Biography: Dr. Enhao Gong is a researcher and entrepreneur specializing in the application of AI/GenAI in medical imaging. Dr. Gong holds MS and PhD in Electrical Engineering from Stanford University, focusing on deep learning applications for medical image acquisition, reconstruction, enhancement, and quantification.

As the founder and CEO of Subtle Medical, he leads the development of cutting-edge AI technologies that enhance medical imaging acquisition, reconstruction, and quantification. Under his leadership, Subtle Medical has achieved significant milestones, including securing 9 FDA clearances for its AI-powered products and servicing over 700 hospitals and imaging centers worldwide. The company has raised over $50 million from top venture capitalists and has been recognized with prestigious awards such as the NVIDIA Inception AI Award, CB Insights AI-100, Top 50 GenAI, etc. Dr. Gong’s groundbreaking work has been awarded by RSNA, Forbes 30-under-30, Radiology Business 40-under-40, Fortune 40-under-40, and Top 50 Healthcare AI Entrepreneur Award.

Advancing AI-Driven Medical Imaging and Real-Time Decision Support with Foundation Models

Shanhui Sun

United Imaging Intelligence

Abstract: Artificial intelligence (AI) is transforming medical imaging by addressing critical clinical challenges across various applications. Recently, foundation models have emerged as a powerful solution, offering a scalable learning framework that enhances model generalization, enables few-shot learning, and improves real-time imaging applications. In this talk, we will also explore the role of diffusion models as prior distribution foundation models, particularly in accelerating Cardiac MRI (CMR) acquisitions to enhance image quality and ensure more reliable visualization. In interventional cardiology, low-dose imaging often compromises device and vessel visibility, impacting procedural accuracy. To address this, we introduce a contrastive learning-based approach that improves vessel visualization in real-time imaging, aiding precise device placement. Additionally, we present our work on label-efficient data augmentation using video diffusion models for guidewire segmentation, demonstrating how diffusion-based foundation models optimize downstream tasks.

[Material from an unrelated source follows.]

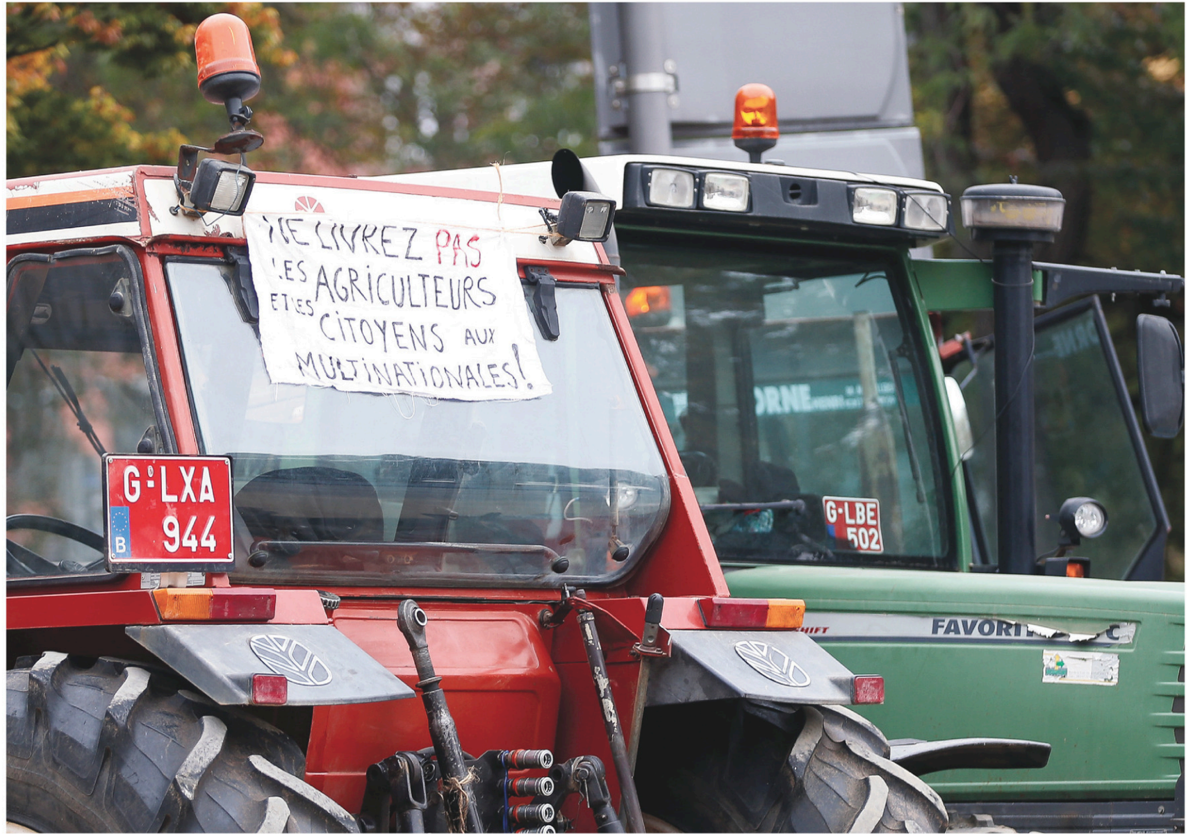
Des fermiers ont laissé leurs tracteurs devant le parlement belge à Namur à l'occasion d'une manifestation contre le libre-échange, vendredi.

By integrating diffusion models, contrastive learning, and few-shot adaptation, foundation models are driving advancements in AI-driven cardiac imaging. This talk will showcase their impact on CMR, interventional imaging, and real-time decision support.

Biography: Dr. Shanhui Sun is the Senior Director of AI and Medical Imaging at UII America Inc., based in Boston, MA, a subsidiary of Shanghai United Imaging Intelligence Healthcare Co. Ltd. (UII). His research focuses on medical image and video analytics, machine learning, cardiac MRI, breast imaging analysis, and AI-driven imaging, with expertise in MRI reconstruction and image enhancement. His recent work explores generative AI and diffusion models for image restoration, denoising, and data augmentation. He also specializes in AI-driven interventional imaging, including real-time imaging enhancements, device tracking, and surgical navigation optimization. Dr. Sun is actively involved in deploying AI models into clinical workflows, ensuring seamless integration and scalability. He has co-authored over 50 publications and co-invented more than 80 granted patents. Previously, he was a Principal Scientist at CuraCloud and a Staff Scientist at Siemens. He earned his Ph.D. from the University of Iowa in 2012.